East Coast Tsunami risk study

 East Coast Tsunami risk study

The US East Coast tsunami posibility was main target of  new sonar mapping study. Researchers at the U.S. Geological Survey, along with other governmental and academic partners, have been researching the potential for tsunamis generated by landslides in submarine canyons in the mid-Atlantic to strike the U.S. Atlantic and Gulf of Mexico coasts for about past five years.

The investigation was requested by the U.S. Nuclear Regulatory Commission, which is concerned about the potential impact tsunamis might have on new and existing nuclear power plants (considering the devastating tsunami in Japan in March that sparked the greatest nuclear disaster). According to study, the leading potential source of East Coast tsunami would be landslide along the submerged margin of the North American continent. Another scenario is waves kicked up by an asteroid splashing into the ocean.

Key areas of the Atlantic continental margin were mapped in high resolution. Although this is one of the best-mapped continental margins in the world, significant gaps still remain along the upper slope and shelf where potentially dangerous submarine landslides might occur. Given the immense size of the regions investigated, it has taken many years of data collection and integration of existing data sets in order to produce seafloor maps with the resolution needed to identify all the features that researchers were interested in according to U.S. Geological Survey research marine geologist Jason Chaytor.

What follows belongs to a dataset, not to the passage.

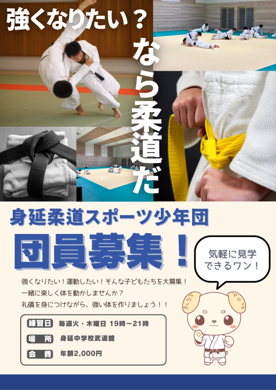 身延町スポーツ協会 > 専門部の投稿 > 【柔道スポ少】団員募集チラシを作りました!! 2025年12月5日カテゴリー: 専門部の投稿 【柔道スポ少】団員募集チラシを作りました!! スポ少の団員募集のため、チラシを作ってみました!! 町内の学童保育へ掲示してもらっていますので、ぜひ見てみてくださいね~~! 身延柔道スポーツ少年団では、いつでも団員を募集しています! 「少年団」と名乗っていますが、大人の方も大歓迎です!! 体を動かしたい、強い体を作りたいという方、ぜひ練習風景を覗いてみてくださいね~ 詳細は☛こちらから!!
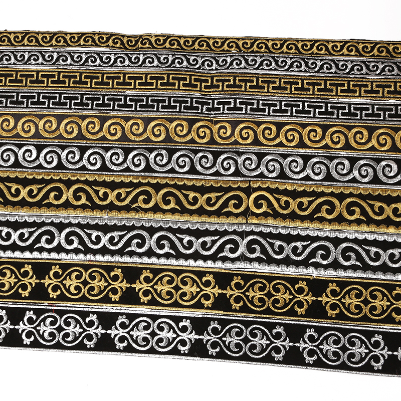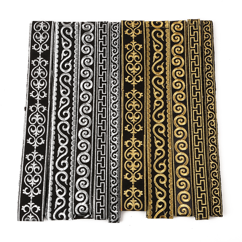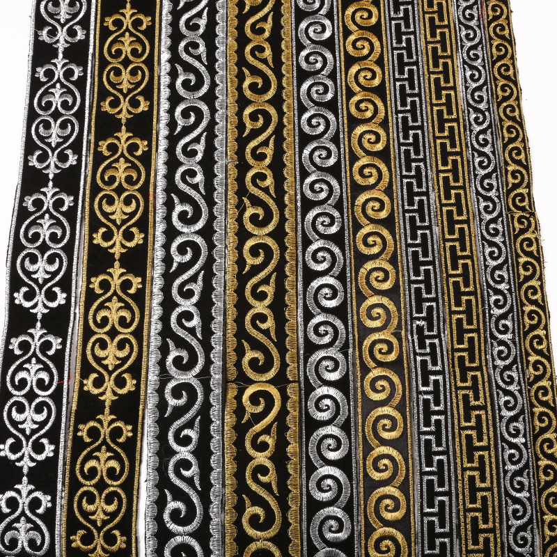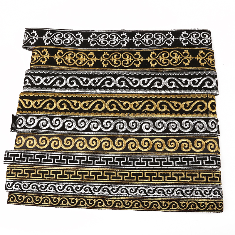 4 метра/Лот, Золотая/серебряная Этническая ВЫШИТАЯ тесьма, кружевная отделка, винтажная жаккардовая лента для рукоделия, изготовление одежды, аксессуары

A sonar mapping cruise taken in June to the Baltimore, Washington and Norfolk Canyons and selected regions of the continental shelf between the canyons marked the first field effort of the multiyear Deep-Water Mid-Atlantic Canyons Project. Using echosounders installed on the hull of the National Oceanic and Atmospheric Administration (NOAA) ship Nancy Foster, the science team mapped canyons and shelf regions at high resolution over more than 1,000 square kilometers (380 square miles) of seafloor from south of Cape Hatteras to Baltimore Canyon, which runs from offshore North Carolina to the eastern tip of Long Island.

The science team's preliminary analysis of these new data revealed the presence of steep, sharp, stepped escarpments, or slopes, rimming the upper parts of each of the mapped canyons. These may be submerged ancient shorelines cut during times of lower sea level, the most recent of which occurred during the last glacial period, which ended about 19,000 years ago. Although the researchers do not at this time feel there is any connection between these features and tsunami hazards, they may provide important insights into the development of the canyons and help us understand the role of changing sea level in the evolution of the Atlantic coast.

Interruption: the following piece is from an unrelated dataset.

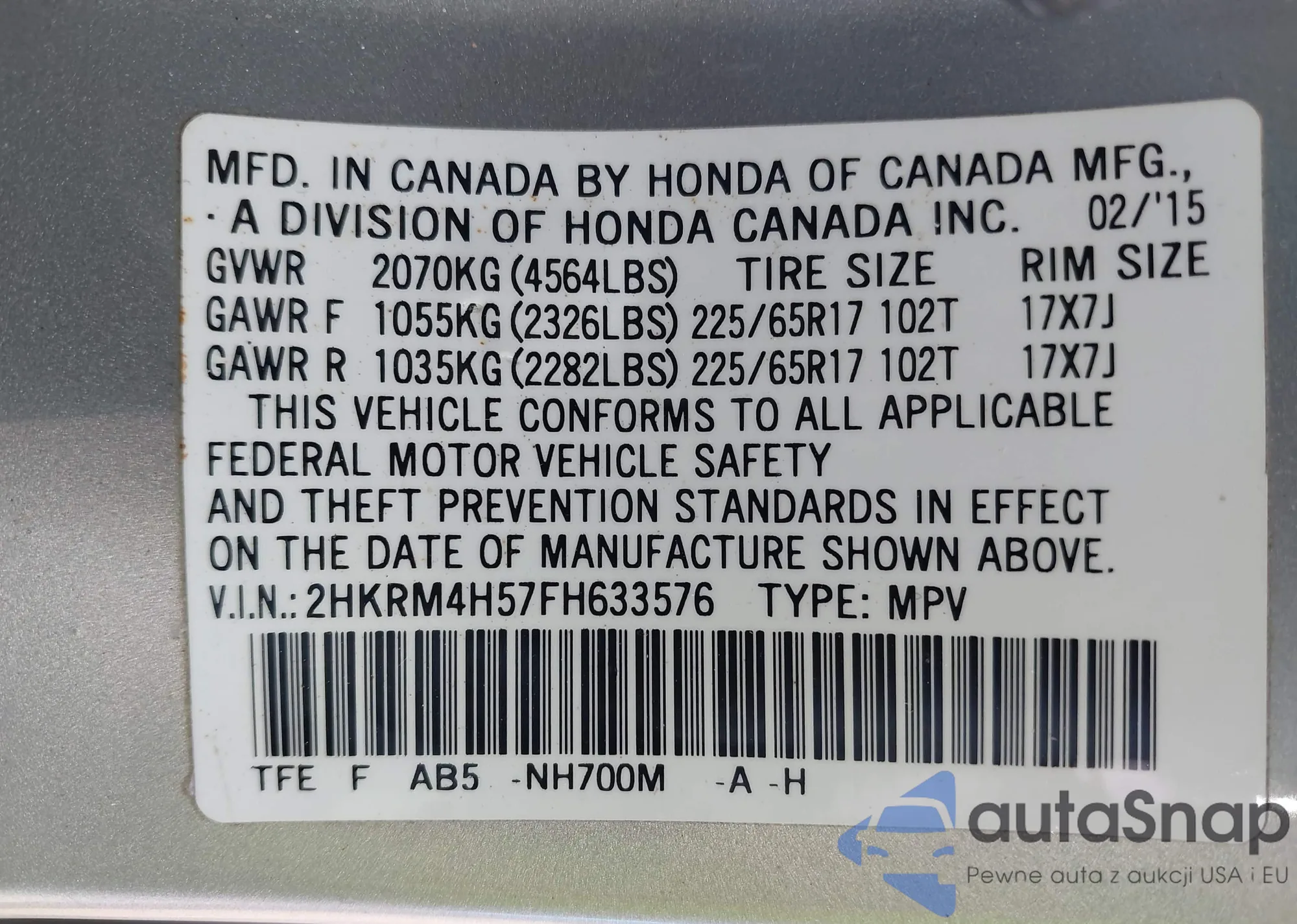 • VIN 2HKRM4H57FH633576

A number of submarine landslides, some previously unknown, were either partly or completely mapped. Having accurate information on the number of submarine landslides, in addition to their characteristics such as their size and the water depth they occur in, the style in which they fail, and the properties of the soil and rock involved in the landslide, are important in determining whether or not they might have generated a tsunami. This information is often used in numerical modeling of landslide-generated tsunami waves.

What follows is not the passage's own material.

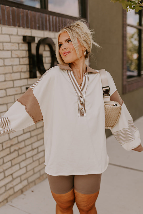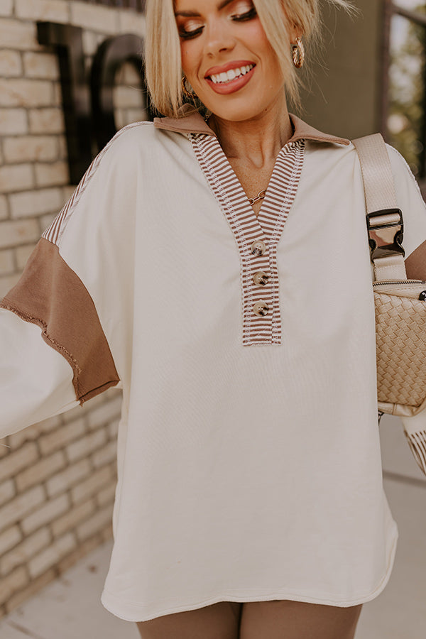 - Enjoy a day on the town in this cute top! A relaxed fit and trendy accents give it cool, laid-back vibes. Whether you are road tripping with friends, or simply grabbing a morning coffee, this piece is sure to keep you cozy and stylish!

The scientists have recently begun the difficult task of collecting long core samples of sediment from the sites of large landslides, a critical step in determining when they happened and how often they and their associated tsunamis are likely to occur. The evaluation of submarine landslides as potential tsunami sources along the U.S. East Coast and the Gulf of Mexico and the investigation of submarine canyon systems in the Atlantic are ongoing projects. (OurAmazingPlanet)


The scientists detailed their findings in the September/October issue of the U.S. Geological Survey newsletter Sound Waves. They will present additional information at the American Geophysical Union fall meeting in San Francisco in December.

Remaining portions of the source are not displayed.